I’ve been lifting for a few years, initially focusing on strength but recently shifting to hypertrophy with more isolation exercises. I’ve been using high-rep (10-30) sets for exercises like biceps curls, triceps extensions, calf raises, etc., with a focus on stretch-mediated hypertrophy and double progression. So far, I’ve made good progress.
However, as my strength has increased, I’ve started experiencing discomfort during sets. For example, with biceps curls (15-20 rep range, lying on a decline bench for added stretch over the shoulder joint), the stretch becomes progressively painful around rep 10, reaching 8/10 discomfort by the target rep range.
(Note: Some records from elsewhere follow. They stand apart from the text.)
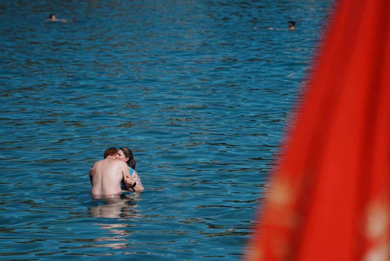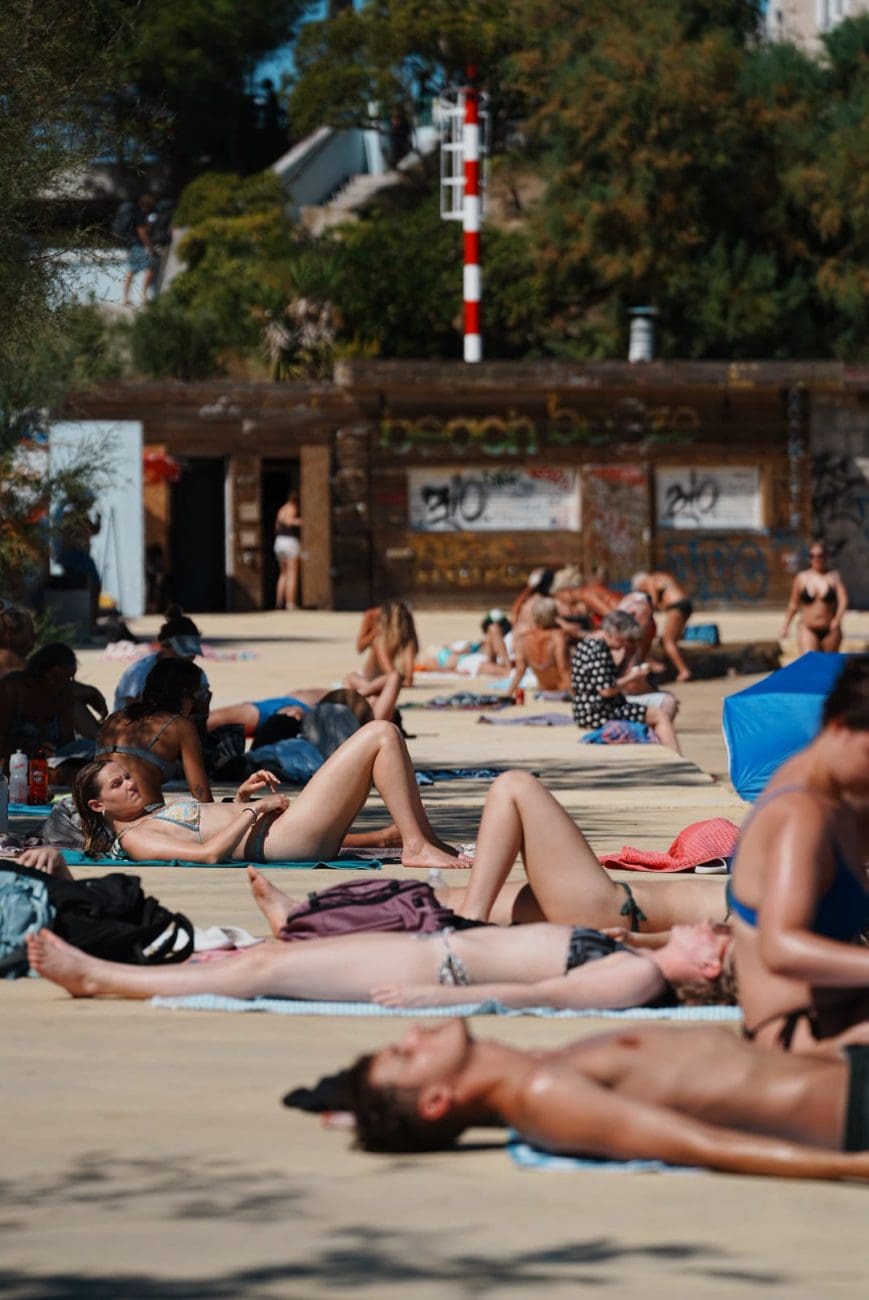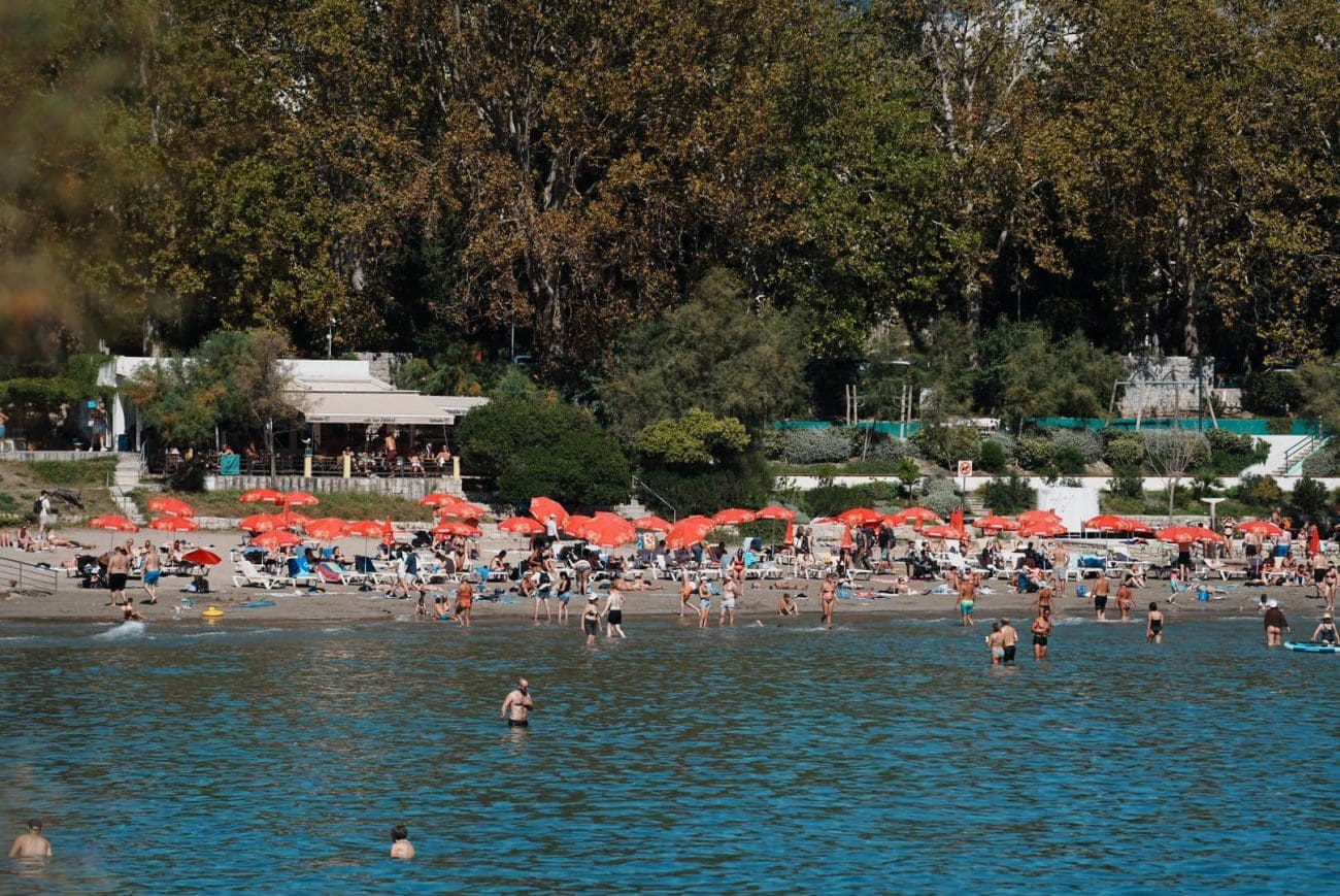 Plaža je prepuna domaćih i stranih gostiju, more je mirno i ugodno, a valovi su danas zamijenjeni smijehom i razgovorom na pijesku. Dok jedni uživaju pod crvenim suncobranima, drugi hvataju zadnje ljetne zrake na ručnicima uz more ili ispijaju piće u obližnjim kafićima.
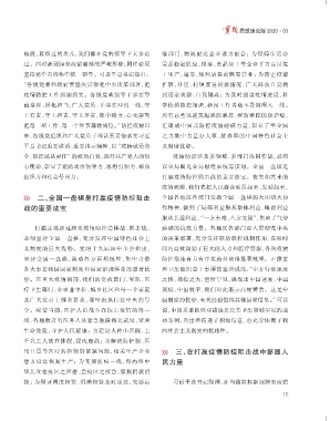 审时度势、综合研判、果断决策,迅速将疫情防控工 党政军民学、东西南北中,党是领导一切的。 战的重要法宝 作精神,做到了局部利益服从整体利益、眼前利益
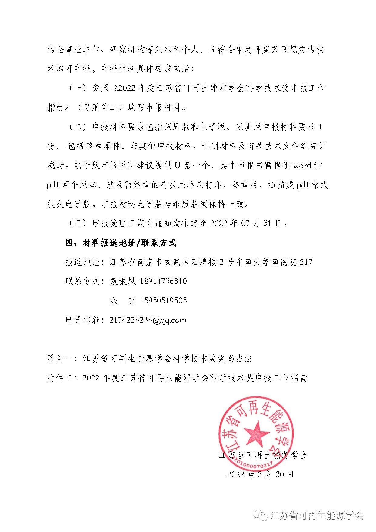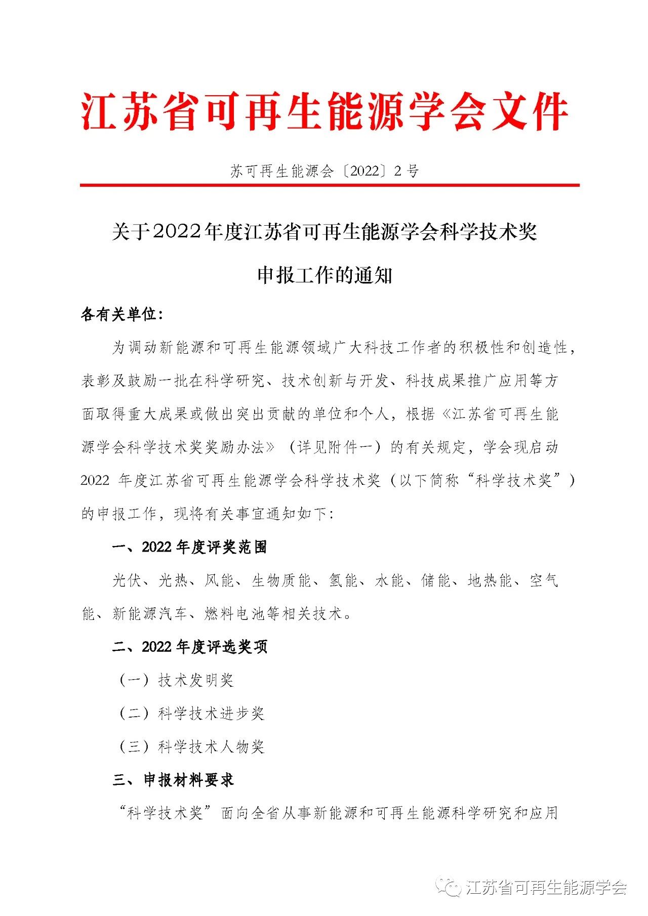 关于2022年度江苏省可再生能源学会科学技术奖申报工作的通知
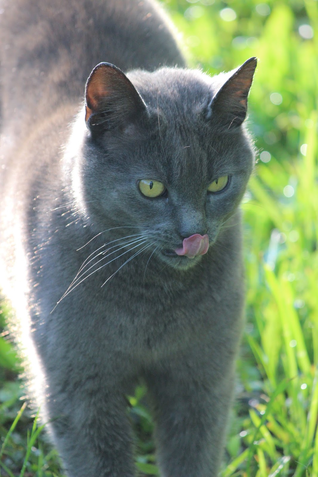 Here is Hermione, one of the barn cats. She is stepping on my feet and when I move, she attacks. Thank goodness I have boots on. In this photo, she looks like she's thinking about those little grackle snacks in the barn.
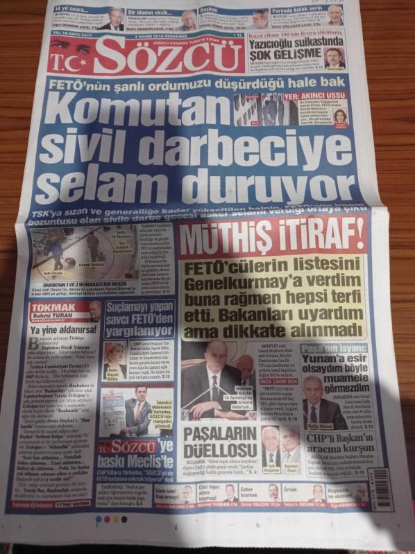 Sözcü Gazetesi - 3 Kasım 2016 - UEFA Avrupa Ligi'nde Fenerbahçe Manchester United Karşısında - Aziz Yıldırım Doğum Gününü Kutladı - FETÖ'nün Şanlı Ordumuzu Düşürdüğü Hale Bak Komutan Sivil Darbeciye Selam Duruyor - Galip Mendi Paşa'nın İsyanı Yunan'a Esir Olsaydım Böyle Muamele Görmedim - Selin Sayek Böke - Adil Öksüz - Muhsin Yazıcıoğlu Suikastında Şok Gelişme adlı eser Türkçe dilindedir.
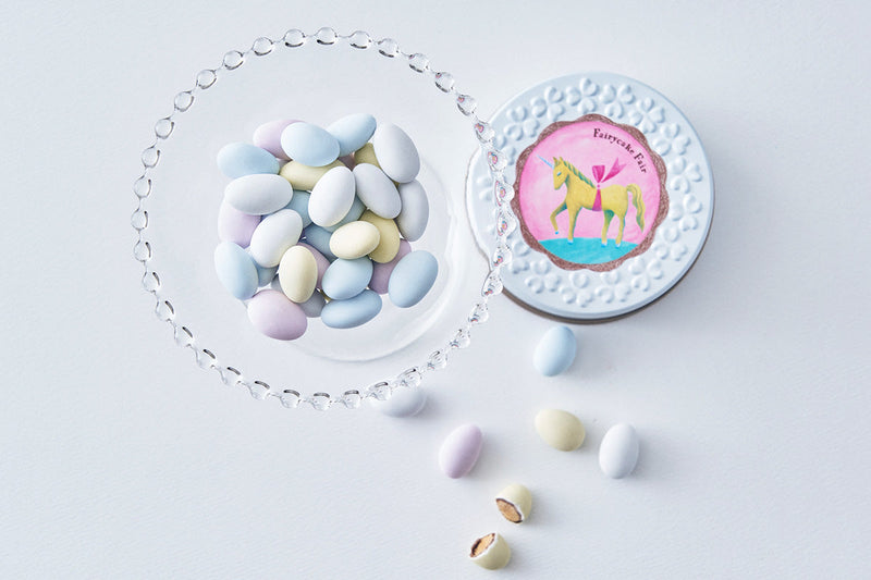 チョコレートをまとわせた香ばしいアーモンドを、淡くやさしい4色の砂糖で包み、小さな缶にそっと詰めました。
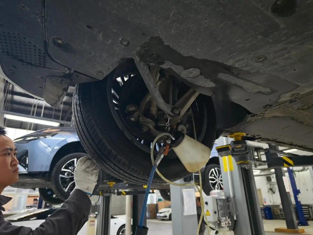 维保小哥登场,那股子专业劲儿一下就展露无遗。更换制动液时,他们启用专用充抽机,手法娴熟、有条不紊。在抽取旧制动液的漫长过程里,小哥时刻紧盯着设备,不间断地补充新制动液,只为严防空气混入制动系统,保证刹车性能万无一失。这份严谨细致,关乎的可是行车安全的大事,让我由衷赞叹。
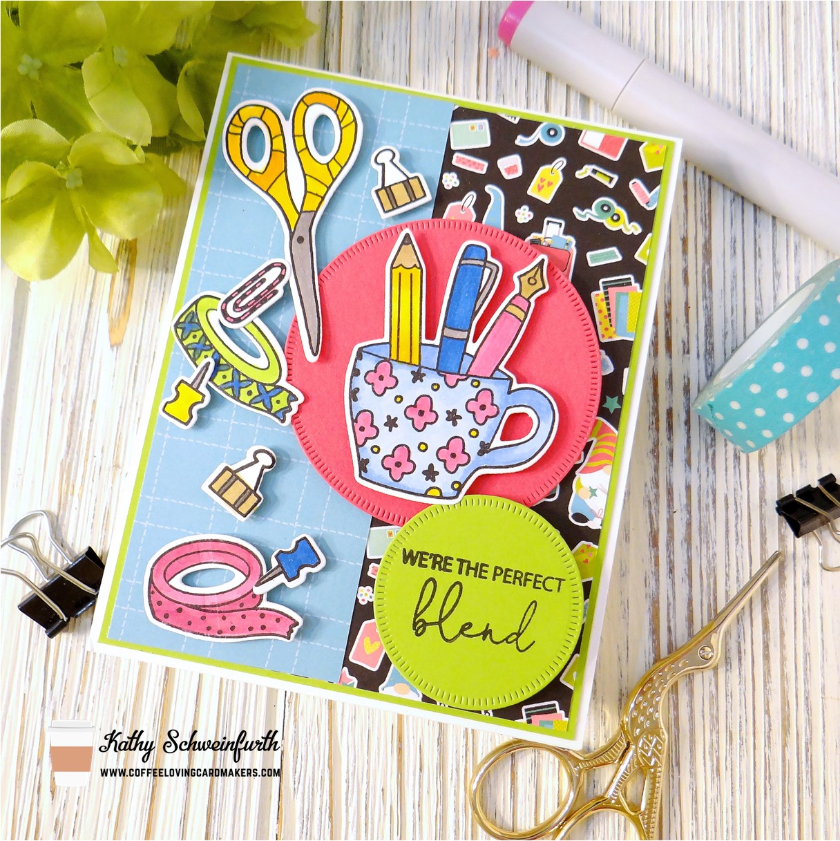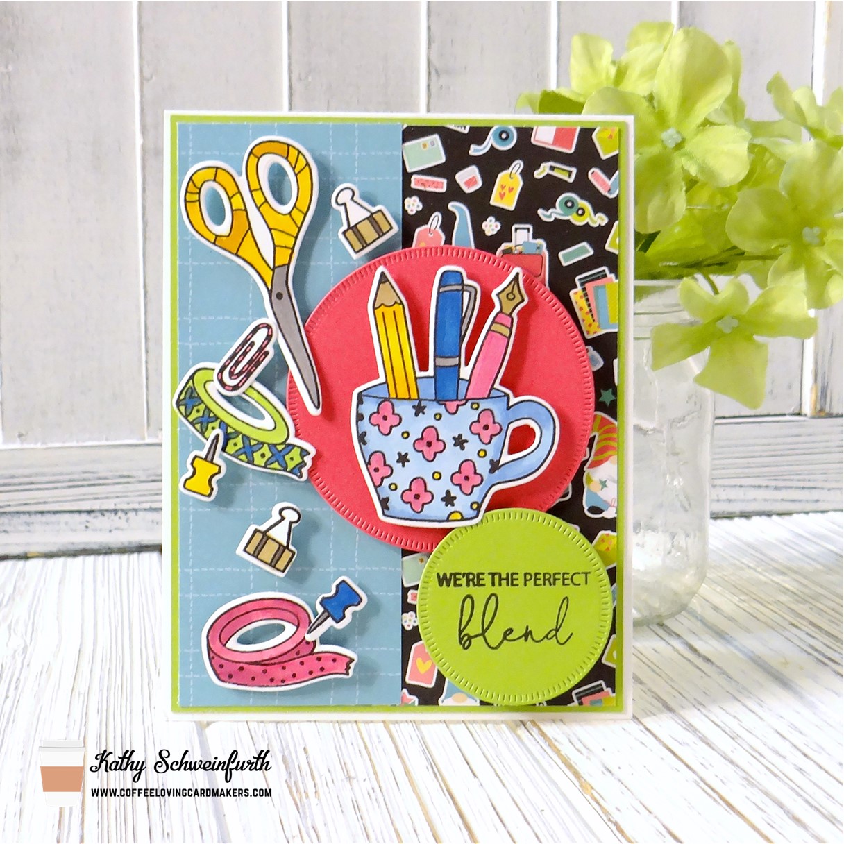 Coffee and crafting supplies ARE the perfect blend! I love all different types of coffee cups and use them for many things other than coffee – like holding craft supplies. I don’t know about you, but I could spend hours in an office supply store because so many things there can be used in crafting – right?!

It always feels like the “good” kind of pain, and the discomfort dissipates immediately after the set. I don’t feel traditional fatigue—just an uncomfortable stretch. After 3-4 sets, I get huge pumps, which feel great.
As an amateur coach myself, I wouldn’t ask a client to push past around 3/10 pain. In my own training, I’m wondering if it’s okay to push through this discomfort to continue progressing.
Question: Is this where the “no pain, no gain” mentality comes from, or is there a better way to approach this? Is there a downside to pushing through this discomfort, or would it be better to adjust the rep range down while increasing the number of sets? I’m not concerned about injury, but I want to make sure I’m training smart.